ということで、今号の表紙にはイタリア・ルネサンス絵画から、印象的な笑顔のイメージを集めてみた。笑顔というと「モナ・リザの微笑」を想起する方も多いと思うが、西洋美術史において、微笑み(smile)と笑い(laugh)の表現は一線を画されている。モナ・リザのように口を閉じ、少し口角を上げたのが微笑である。ダンテの『饗宴』によると、微笑とは魂の喜びの輝きが、口を通して表に現れ出たものである。微笑に対して、はっきりと笑っていることを示す絵画表現は、開いた口を描くこと、そしてとりわけ歯が見えるように描くことであった。

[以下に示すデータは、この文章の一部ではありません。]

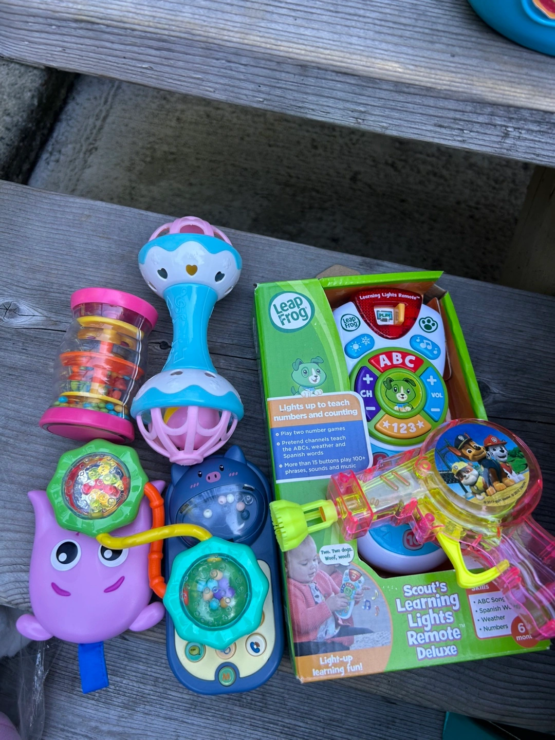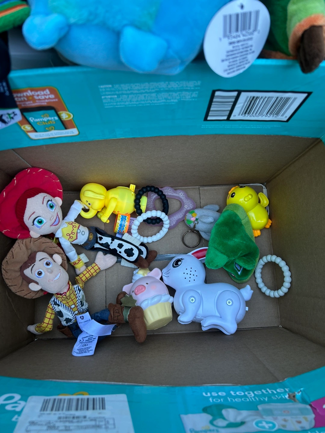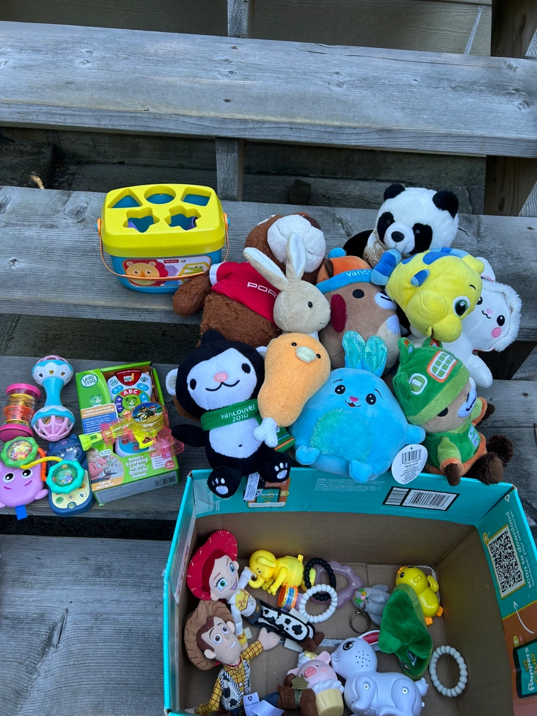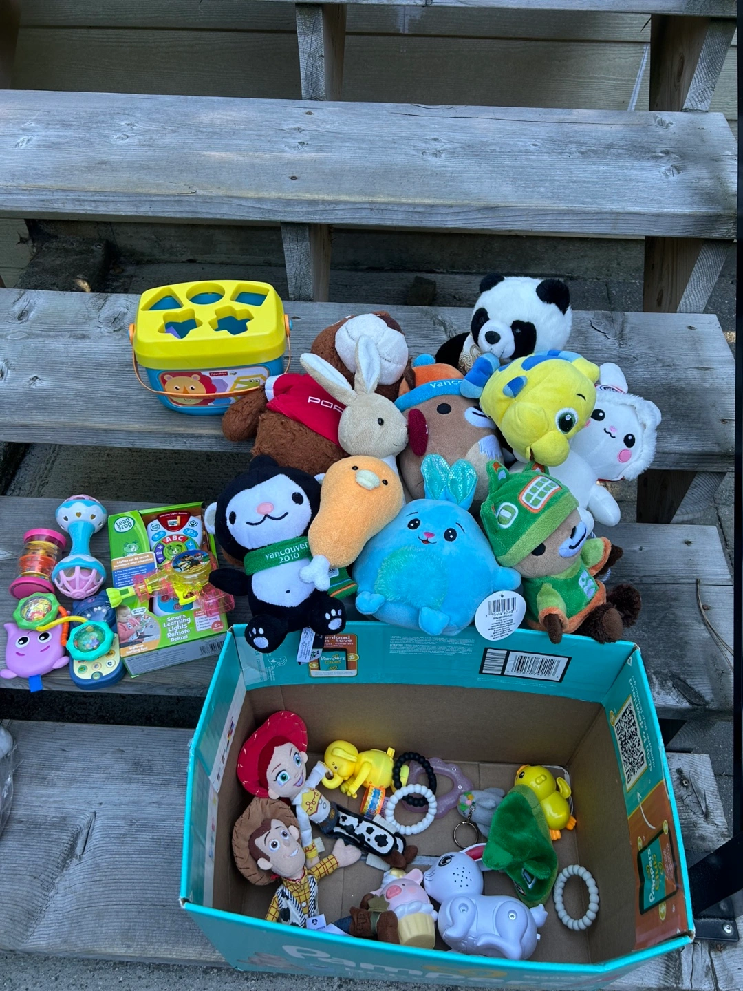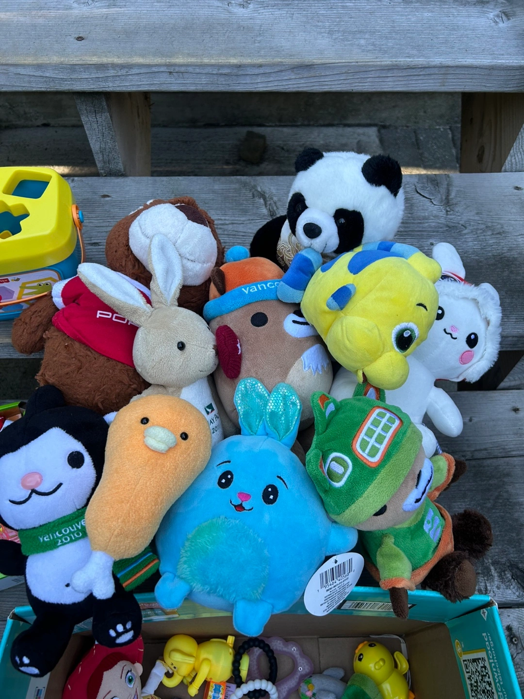 Selling a collection of kids' plush toys and a shape sorter. There are various characters and animals, perfect for little ones to play with and cuddle. Also included is a shape sorter for early learning fun!

ピエロ・ディ・コジモの描いたシレノスの満面の笑顔は特に印象的である[表紙上]。シレノスはバッカスの取り巻きで、通常はロバの上で居眠りをしていることが多いが、ここでは右手を挙げて私たちに笑顔で挨拶をしているかのようだ。口元を見ると前歯が描かれていることが分かる。この絵で笑顔を見せている陽気なシレノスも、対作品では蜂に刺されて痛い目に遭うことになる。ここではいまだその成り行きを知らずに、彼は無邪気な笑顔を見せているのだ。

笑顔そのものにクローズアップした絵画主題はそれほど多くはないが、有名なのは「笑う哲学者デモクリトス」だろう。泣く哲学者ヘラクレイトスとセットになっていることが多い。ブラマンティーノが描いた壁画のデモクリトスも、はっきりと歯を見せている[表紙右下]。西洋美術史の中には、より大きく口をあけ、舌さえ見せて笑うデモクリトスの作例も存在する。

陽気な神と哲学者の笑顔を紹介したが、対して悪意ある笑い、悪魔の笑いというものもある。キリスト教主題でいえば、たとえば《キリスト嘲笑》がそれにあたる。人々が醜い顔で、大きく口をあけてキリストを嘲笑する。それと共通性を感じさせるのが、レオナルド・ダ・ヴィンチのいわゆる「グロテスクな頭部」。奥の人物は、顎がはずれそうなほどの大口をあけて哄笑している[表紙左下]。

コロナ禍で気持ちも塞ぎがちな昨今ですが、皆さん、笑顔で健康になりましょう!